First broadcast 8 September 2012.

Talk about doing what it says on the tin: “Dinosaurs on a Spaceship”, the second episode of Doctor Who‘s seventh season, is a glorious exercise in the absurd. Written by Chris Chibnall and directed by Saul Metzstein, it takes a silly premise, adds even more silly elements, and then makes the audience cry over the death of a triceratops. It is a perfect example of why Doctor Who remains my favourite television series of all time. It is a rare television drama format in which you can do anything. In one jam-packed 45 minute narrative the viewer is offered tidal-powered spaceships, argumentative robots, a big game hunter, dinosaurs, Queen Nefertiti of Egypt, a 24th century Indian space agency, and a time-travelling alien. It is all presented with a combination of comedy, family affairs, bleak tragedy, and unexpectedly dark drama.

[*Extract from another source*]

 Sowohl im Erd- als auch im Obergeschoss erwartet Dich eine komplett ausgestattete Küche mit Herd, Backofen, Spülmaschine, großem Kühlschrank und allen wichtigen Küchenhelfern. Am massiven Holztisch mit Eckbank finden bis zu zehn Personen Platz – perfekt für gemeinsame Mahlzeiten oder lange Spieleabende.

Its writer would eventually replace Steven Moffat as executive producer and showrunner, and as a result “Dinosaurs on a Spaceship” now also functions as a taste of what Doctor Who would be like during its 11th to 13th seasons. High concepts, drama, and whimsy all blended into one breezily enjoyable package. There are, of course, fans that deeply disliked “Dinosaurs on a Spaceship”, but it is important to acknowledge that those fans are wrong.

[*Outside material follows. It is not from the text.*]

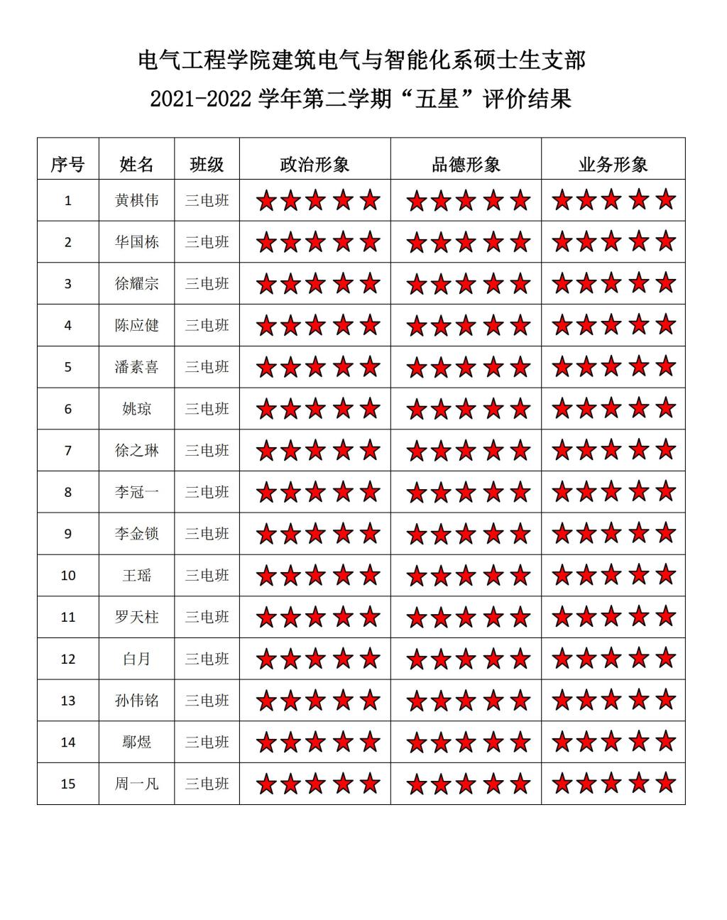 猫都论坛 建筑电气支部2021-2022学年第二学期“五星评价结果”

An unwitting new companion for the Doctor this episode is Rory’s befuddled father Brian (Mark Williams). He provides excellent comedy value, as well as a rare opportunity for the series to explore Rory a little via the relationship with his father. It is a tremendous episode for guest performances, however: David Bradley makes for a genuinely despicable villain as the smuggler Solomon, Riann Steele gives a great performance as Queen Nefertiti, and Rupert Graves is amiable – if a little tiresome – as big game hunter Riddell.

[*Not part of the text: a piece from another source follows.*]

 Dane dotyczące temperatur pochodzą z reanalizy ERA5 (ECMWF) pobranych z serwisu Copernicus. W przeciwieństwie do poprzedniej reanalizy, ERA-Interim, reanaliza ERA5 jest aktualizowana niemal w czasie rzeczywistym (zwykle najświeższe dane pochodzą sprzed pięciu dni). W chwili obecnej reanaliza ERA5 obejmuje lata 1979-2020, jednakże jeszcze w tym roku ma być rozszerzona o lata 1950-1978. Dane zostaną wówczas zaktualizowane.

When the episode does dark, it genuinely plumbs some quite unexpected depths. Solomon turns out to not simply be a hissable villain – he is genuinely loathsome and unsympathetic, in a manner that Doctor Who honestly does not present all that often. It also offers a far more serious version of Matt Smith’s 11th Doctor. We have seen the Doctor kill his enemies many, many times, but it is still reasonably rare for him to do it such a deliberately murderous fashion.

This is the second episode in a row to pursue such a high concept ‘blockbuster’ angle on Doctor Who, and Season 7 will come to be largely defined by such self-contained, visually ambitious instalments. It certainly helps to shape this truncated first half of the season – just five regular episodes in 2012, but each of them shaped and presented like its own mini-movie. Of the five, this is almost certainly my favourite.